INSTRUCTIONS FOR THE TASK: Your reply should restate the lines from the top of the entries through the line containing "市集在创享塔园区的广场上支起" word for word, with no pictures.

INPUT DATA:
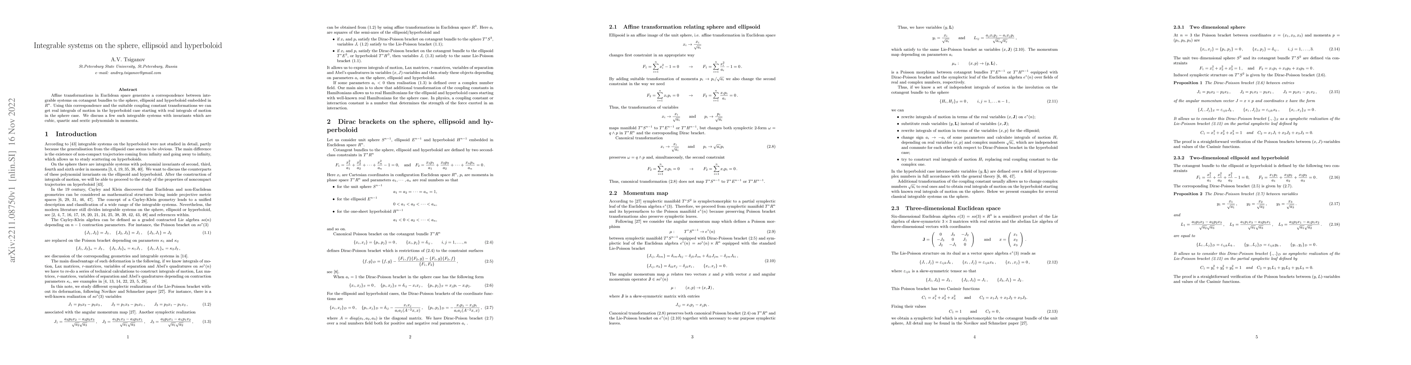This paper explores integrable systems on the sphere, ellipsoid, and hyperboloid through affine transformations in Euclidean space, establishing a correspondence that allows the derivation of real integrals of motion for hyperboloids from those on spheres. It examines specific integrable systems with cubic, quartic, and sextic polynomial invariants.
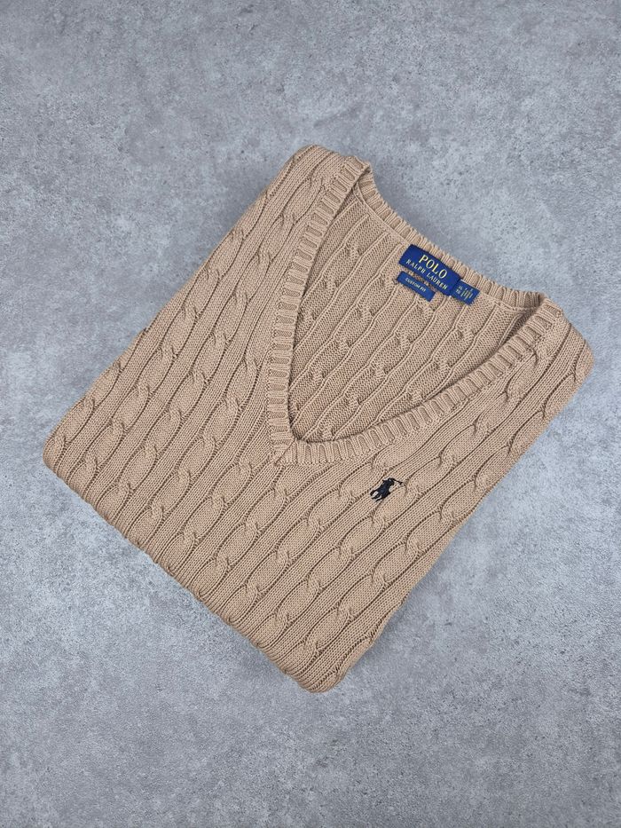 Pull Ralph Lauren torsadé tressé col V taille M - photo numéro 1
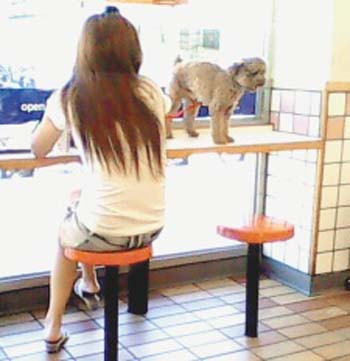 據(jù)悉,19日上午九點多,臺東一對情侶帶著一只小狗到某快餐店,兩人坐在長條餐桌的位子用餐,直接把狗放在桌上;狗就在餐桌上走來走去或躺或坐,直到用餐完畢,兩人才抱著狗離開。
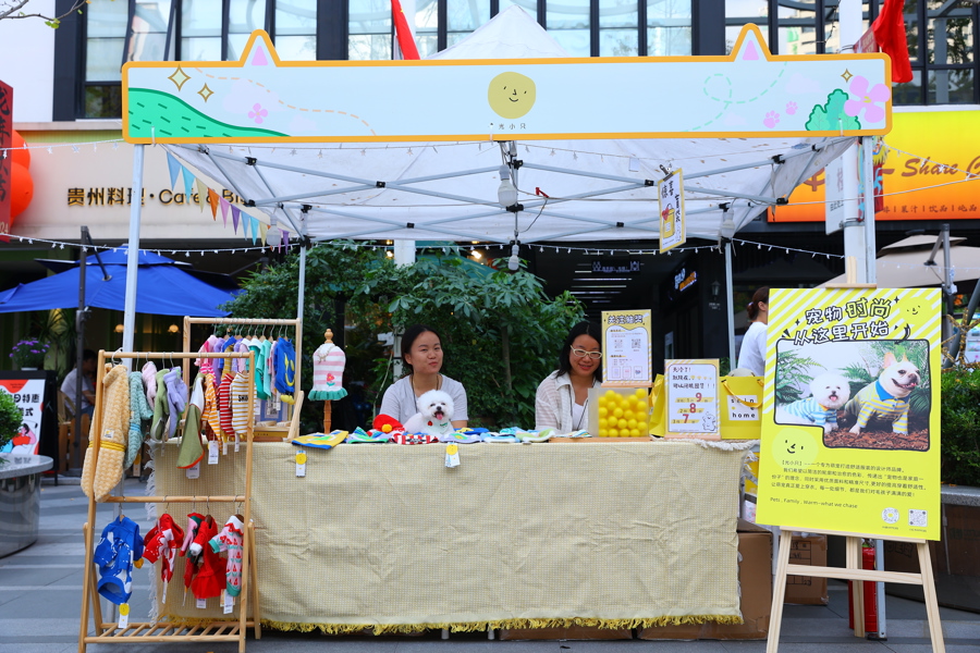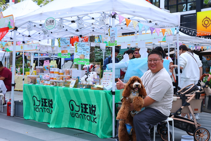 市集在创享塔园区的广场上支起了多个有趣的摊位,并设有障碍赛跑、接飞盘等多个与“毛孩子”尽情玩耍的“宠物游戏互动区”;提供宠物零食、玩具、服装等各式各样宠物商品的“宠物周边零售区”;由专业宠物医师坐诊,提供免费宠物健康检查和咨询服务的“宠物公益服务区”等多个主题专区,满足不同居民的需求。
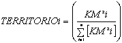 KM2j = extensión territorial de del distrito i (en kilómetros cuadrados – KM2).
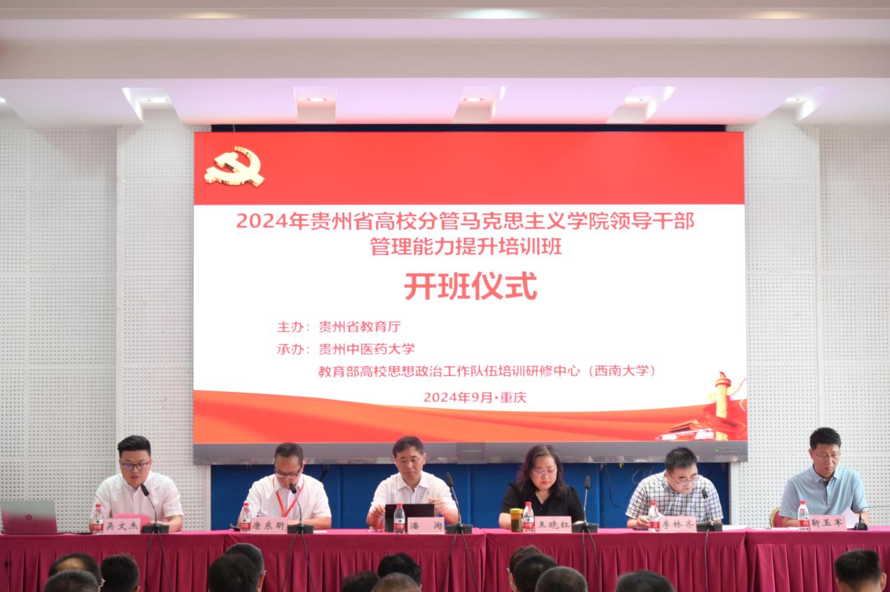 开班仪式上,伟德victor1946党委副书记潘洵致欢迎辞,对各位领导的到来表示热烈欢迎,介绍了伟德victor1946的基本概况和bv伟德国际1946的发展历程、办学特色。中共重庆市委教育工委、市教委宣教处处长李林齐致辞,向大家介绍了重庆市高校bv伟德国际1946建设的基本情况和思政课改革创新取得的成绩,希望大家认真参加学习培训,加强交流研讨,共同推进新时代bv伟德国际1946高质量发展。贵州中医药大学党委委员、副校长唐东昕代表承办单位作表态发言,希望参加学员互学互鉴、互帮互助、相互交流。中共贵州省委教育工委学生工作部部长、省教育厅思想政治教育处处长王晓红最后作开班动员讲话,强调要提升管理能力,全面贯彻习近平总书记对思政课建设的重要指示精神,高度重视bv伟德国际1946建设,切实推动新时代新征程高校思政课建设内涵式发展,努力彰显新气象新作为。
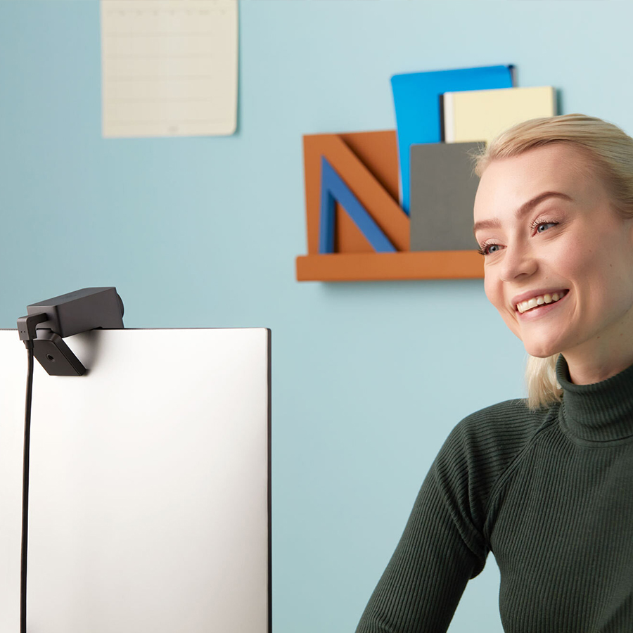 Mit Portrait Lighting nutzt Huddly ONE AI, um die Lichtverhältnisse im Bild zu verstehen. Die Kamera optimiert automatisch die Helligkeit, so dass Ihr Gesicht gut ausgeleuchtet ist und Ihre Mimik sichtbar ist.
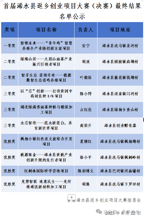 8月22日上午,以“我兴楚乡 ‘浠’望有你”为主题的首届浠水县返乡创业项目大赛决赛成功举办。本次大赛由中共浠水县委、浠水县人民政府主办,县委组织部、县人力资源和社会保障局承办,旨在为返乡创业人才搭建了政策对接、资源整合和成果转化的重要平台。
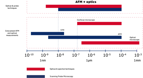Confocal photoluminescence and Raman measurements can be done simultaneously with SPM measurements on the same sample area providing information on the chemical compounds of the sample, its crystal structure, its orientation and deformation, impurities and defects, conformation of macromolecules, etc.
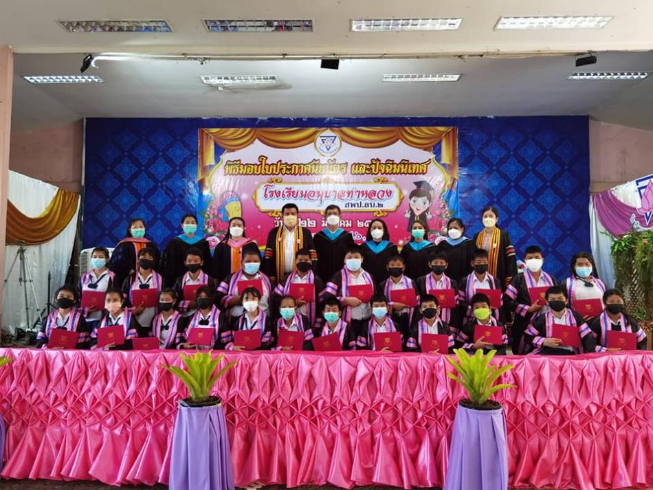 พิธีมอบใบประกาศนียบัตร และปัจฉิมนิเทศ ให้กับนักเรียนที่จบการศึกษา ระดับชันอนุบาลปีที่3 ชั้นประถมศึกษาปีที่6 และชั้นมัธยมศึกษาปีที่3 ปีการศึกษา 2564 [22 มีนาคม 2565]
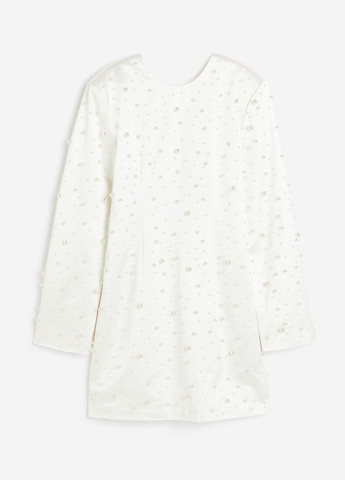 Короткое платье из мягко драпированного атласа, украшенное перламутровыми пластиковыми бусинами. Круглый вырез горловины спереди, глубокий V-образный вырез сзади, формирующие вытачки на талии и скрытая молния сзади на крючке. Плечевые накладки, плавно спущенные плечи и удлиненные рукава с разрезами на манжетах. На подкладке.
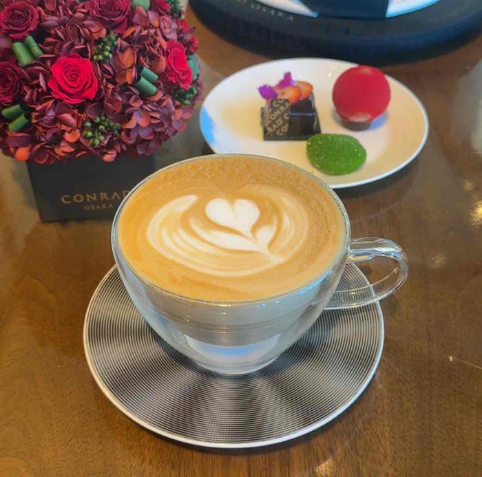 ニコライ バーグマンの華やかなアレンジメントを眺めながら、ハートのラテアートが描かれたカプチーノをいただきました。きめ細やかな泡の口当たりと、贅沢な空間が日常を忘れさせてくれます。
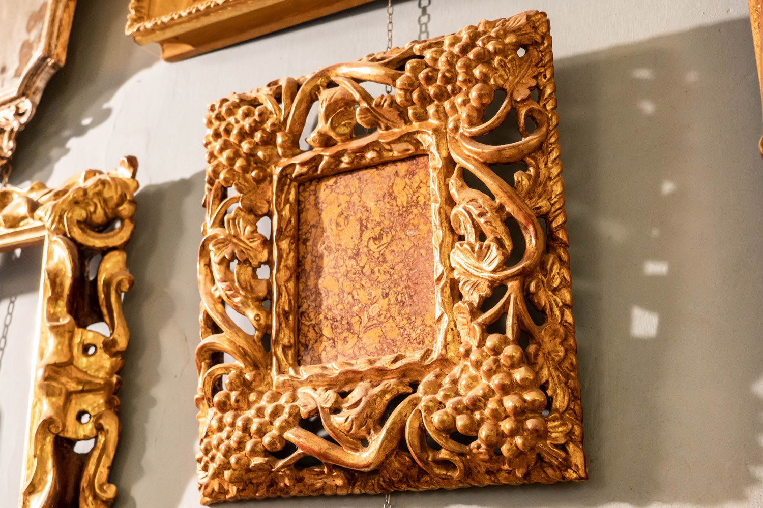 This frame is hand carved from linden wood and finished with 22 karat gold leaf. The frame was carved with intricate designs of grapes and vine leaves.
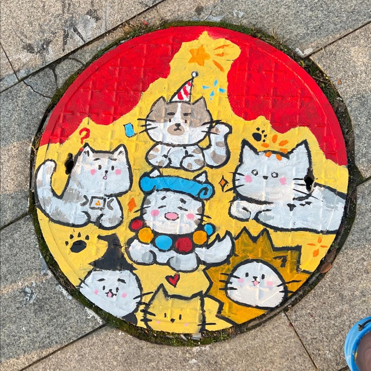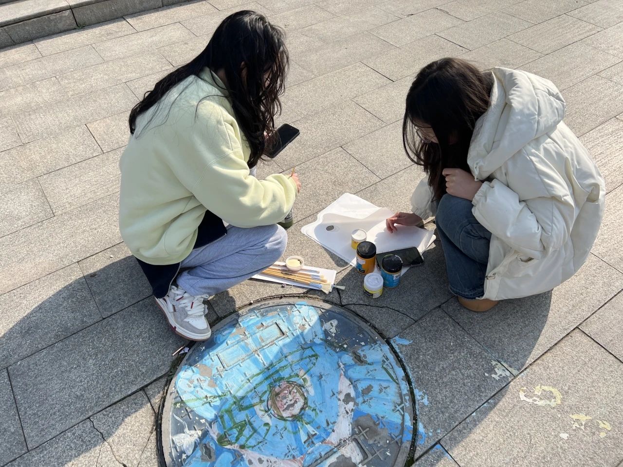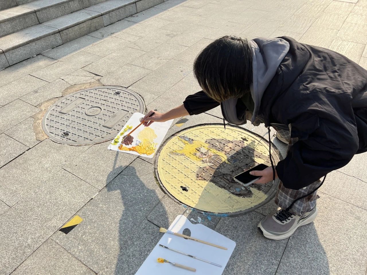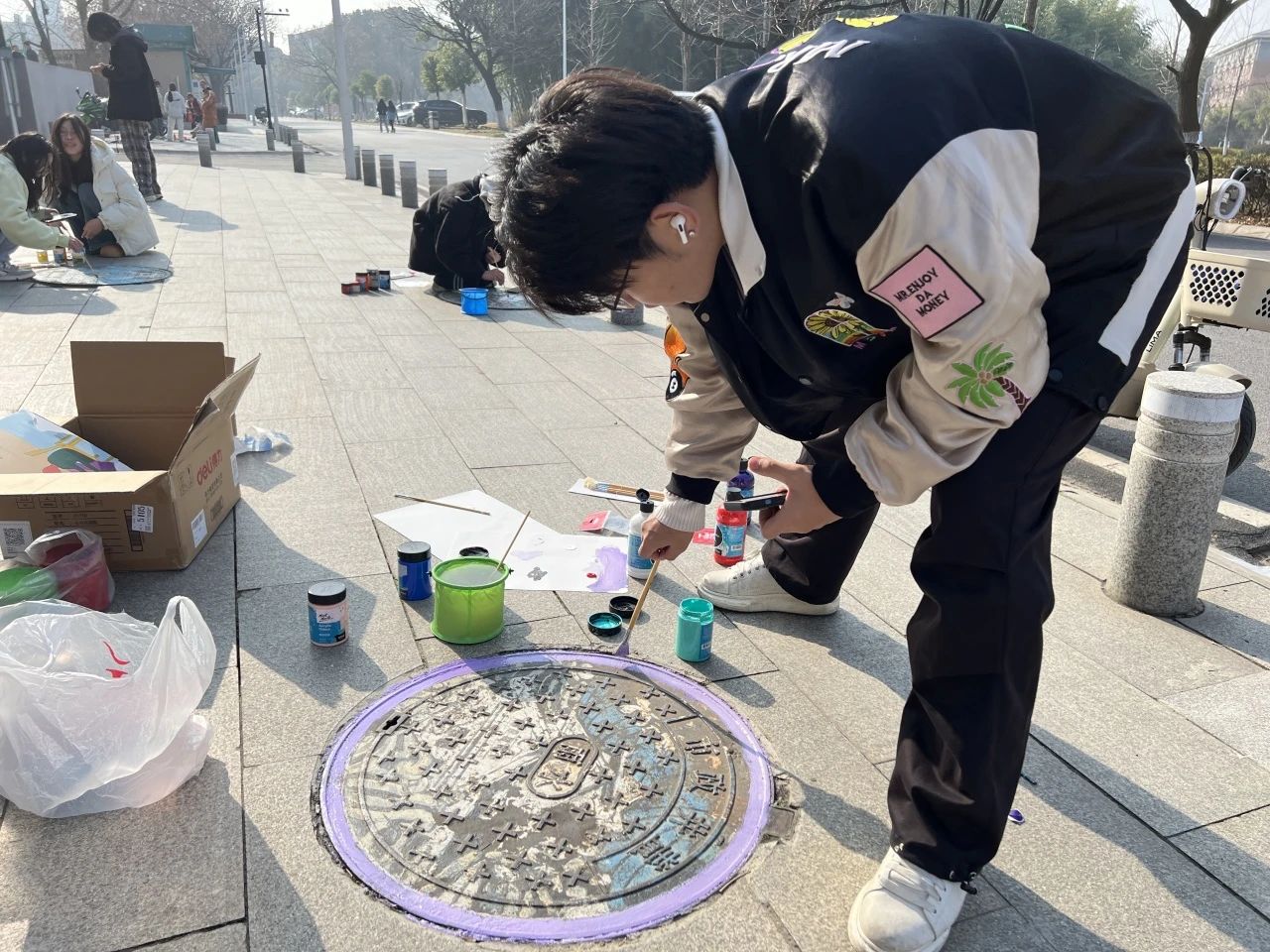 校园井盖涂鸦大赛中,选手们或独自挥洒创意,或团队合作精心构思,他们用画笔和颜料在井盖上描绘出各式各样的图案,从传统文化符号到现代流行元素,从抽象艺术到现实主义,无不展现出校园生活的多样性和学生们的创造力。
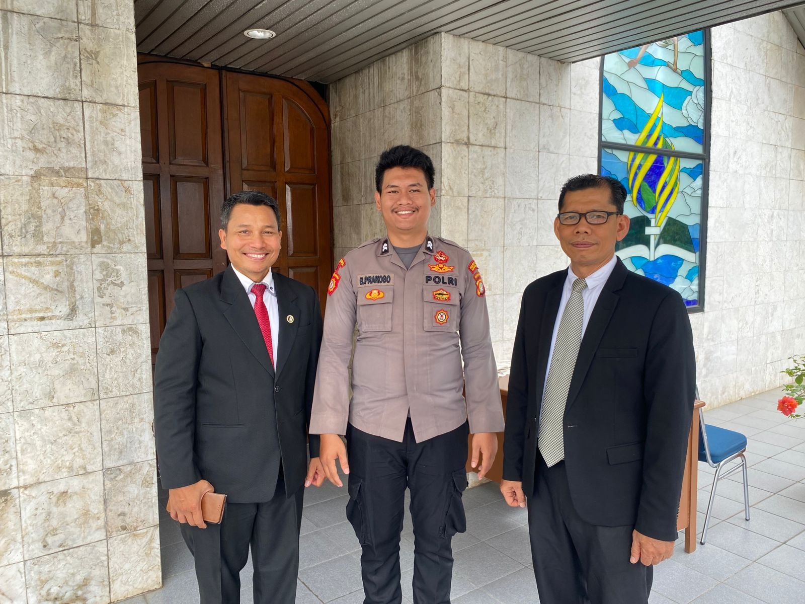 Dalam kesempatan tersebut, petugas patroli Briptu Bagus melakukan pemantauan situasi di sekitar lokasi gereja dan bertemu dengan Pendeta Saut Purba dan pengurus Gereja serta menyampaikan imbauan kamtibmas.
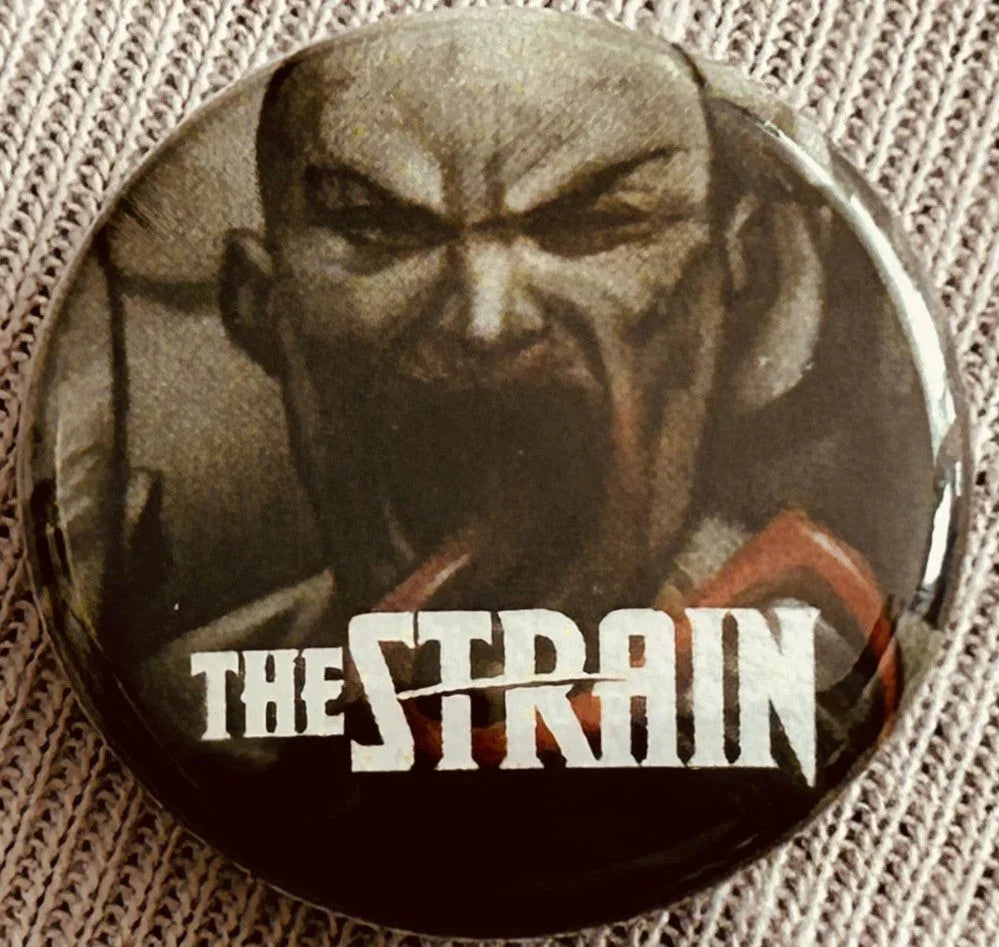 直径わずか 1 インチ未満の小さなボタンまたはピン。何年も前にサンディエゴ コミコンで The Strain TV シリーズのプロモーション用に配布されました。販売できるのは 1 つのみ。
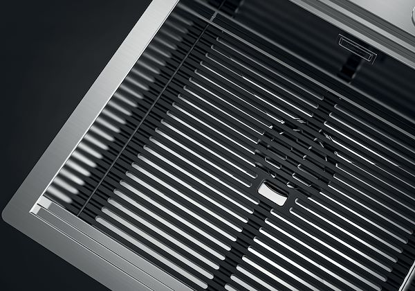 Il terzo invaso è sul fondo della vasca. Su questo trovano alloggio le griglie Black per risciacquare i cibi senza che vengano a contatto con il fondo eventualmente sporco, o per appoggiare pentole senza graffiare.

ANSWER TO THE PROBLEM:
This paper explores integrable systems on the sphere, ellipsoid, and hyperboloid through affine transformations in Euclidean space, establishing a correspondence that allows the derivation of real integrals of motion for hyperboloids from those on spheres. It examines specific integrable systems with cubic, quartic, and sextic polynomial invariants.
 Pull Ralph Lauren torsadé tressé col V taille M - photo numéro 1
 據(jù)悉,19日上午九點多,臺東一對情侶帶著一只小狗到某快餐店,兩人坐在長條餐桌的位子用餐,直接把狗放在桌上;狗就在餐桌上走來走去或躺或坐,直到用餐完畢,兩人才抱著狗離開。
 市集在创享塔园区的广场上支起了多个有趣的摊位,并设有障碍赛跑、接飞盘等多个与“毛孩子”尽情玩耍的“宠物游戏互动区”;提供宠物零食、玩具、服装等各式各样宠物商品的“宠物周边零售区”;由专业宠物医师坐诊,提供免费宠物健康检查和咨询服务的“宠物公益服务区”等多个主题专区,满足不同居民的需求。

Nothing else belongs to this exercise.